AIM OF THE EXERCISE: An exact copy of the data is required. No picture may appear in it.

----- COLLECTED MATERIAL -----

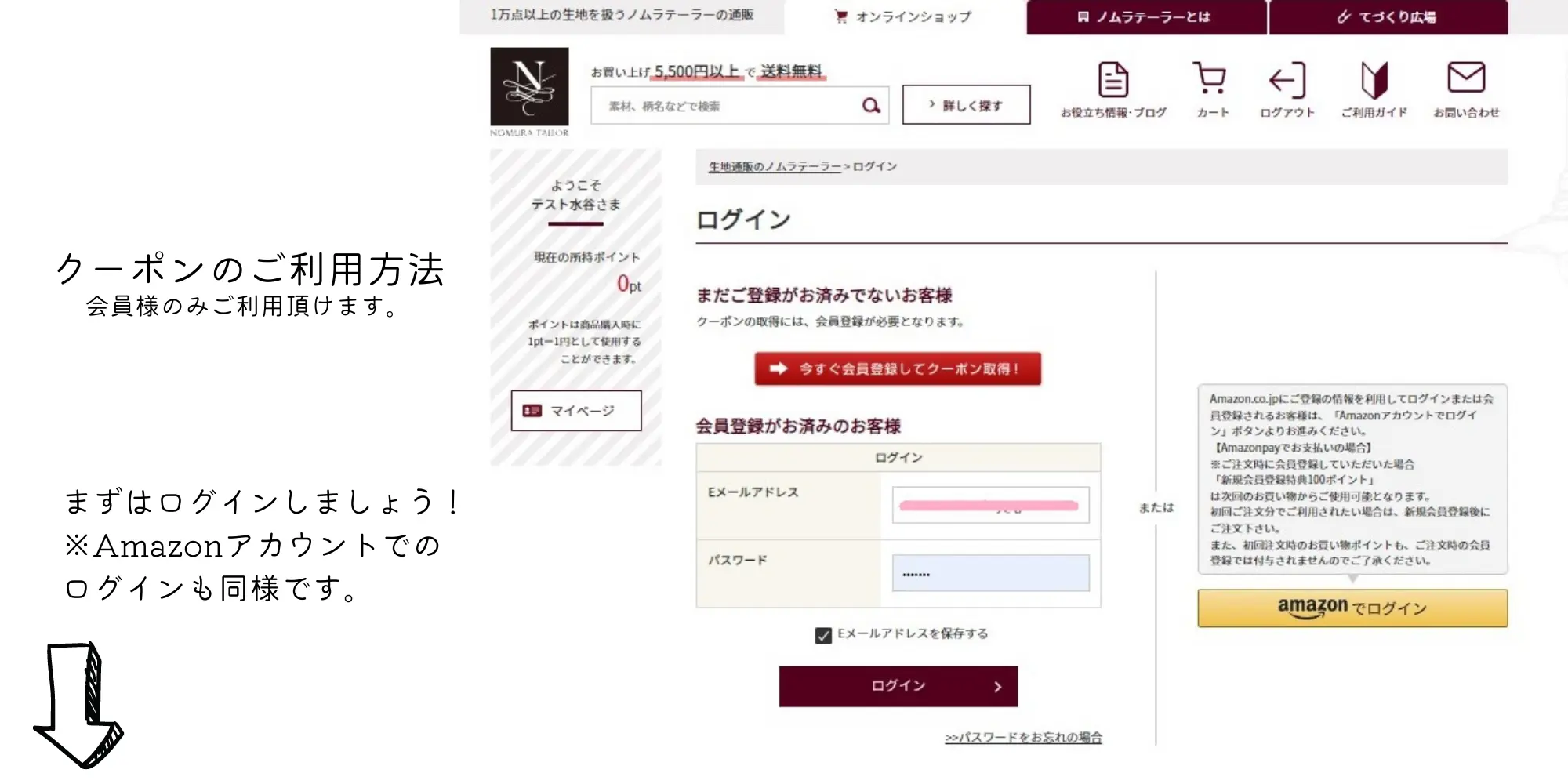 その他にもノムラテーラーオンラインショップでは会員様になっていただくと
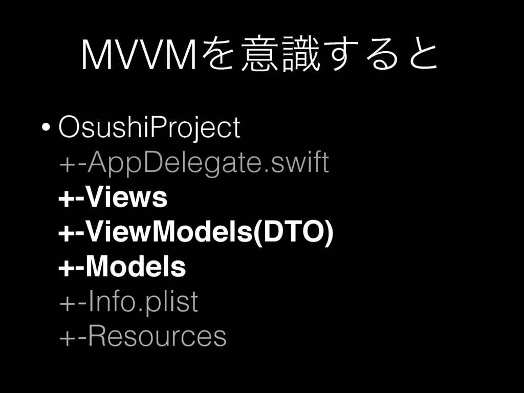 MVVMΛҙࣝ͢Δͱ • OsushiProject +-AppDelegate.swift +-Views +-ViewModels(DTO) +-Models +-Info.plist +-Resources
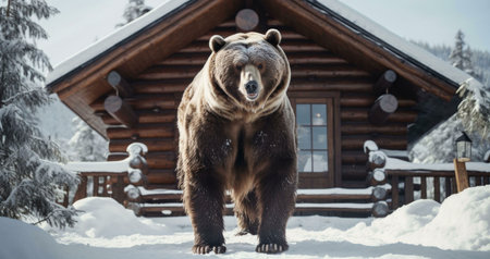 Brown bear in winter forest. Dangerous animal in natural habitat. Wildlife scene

-----

RESPONSE:
 その他にもノムラテーラーオンラインショップでは会員様になっていただくと
 MVVMΛҙࣝ͢Δͱ • OsushiProject +-AppDelegate.swift +-Views +-ViewModels(DTO) +-Models +-Info.plist +-Resources
 Brown bear in winter forest. Dangerous animal in natural habitat. Wildlife scene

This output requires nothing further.